More importantly, the AACM fostered a feisty DIY ethos, especially among iconoclastic musicians loath to lose control of their vision. Created in the cauldron of the ongoing Civil Rights Movement, it was unabashedly political in its approach to race relations. But these beliefs fed into a daily commercial practicality that involved banding together to control the means of production – the ensembles, venues, compositions, marketing, all were created from within.
The AACM planted its flag outside of New York City, long the Mecca of mainstream jazz. Its Chicago roots unearthed a jazz informed by blues, gospel and the chitlin’ circuit as well as bebop, swing and Euro-classical musics. Performance art and Afrocentric ritual and rhythms became part of a fierce and glorious atmosphere of experimentation.
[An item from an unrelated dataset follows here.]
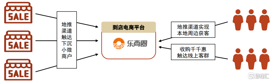 ► 到店電商業務:部分相對下沉的中小微商户由於交易規模小、營銷預算少、付費意願低,難以在中心化平台上獲得相對靠前的展示位、獲客效果較差、使市場出現一定的服務空白。數字經營服務商基於對商户需求的洞察,通過複用地推渠道來觸達商户,幫助商户設計並分發優惠券、吸引線下週邊客流。
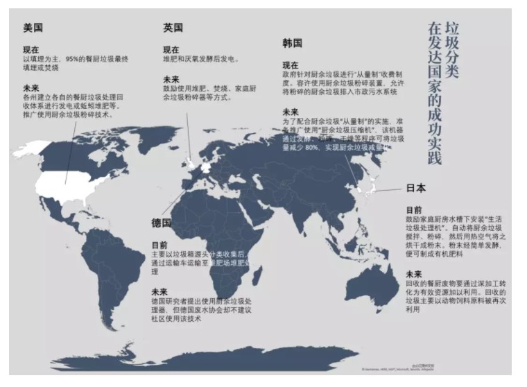 不只是在我國,在全球多個已具備成熟垃圾分類與處理體系的發(fā)達國家,濕垃圾的處理也不盡相同。

What follows is a chronological list of ten essential records by musicians integrally associated with the AACM. It is meant to be only superficially comprehensive, skimming signature highlights from a wide swath of incredible yet foundational music. One could easily choose different projects to document the primacy of Muhal Richard Abrams, the Art Ensemble of Chicago, Henry Threadgill, and other AACM members. My selections are based on a blend of personal taste, depth of influence, and breadth of history. Unfortunately, in some cases, availability was also a consideration – in this modern age of digital and wireless accessibility, too many landmark recordings are “out of print.”
But don’t let that discourage you. These are just some of the shinier, heavier pieces of valuable ore in the mother lode that is the AACM. The deeper you dig, the richer you will become.
Roscoe Mitchell - Sound
This 1966 album is the landmark beginning of innovation and influence for AACM member recordings. It delivers a delicious foretaste of the acerbic whimsy and kinetic chemistry that alto saxophonist Mitchell, trumpeter Lester Bowie and bassist Malachi Favors would soon showcase in the Art Ensemble of Chicago.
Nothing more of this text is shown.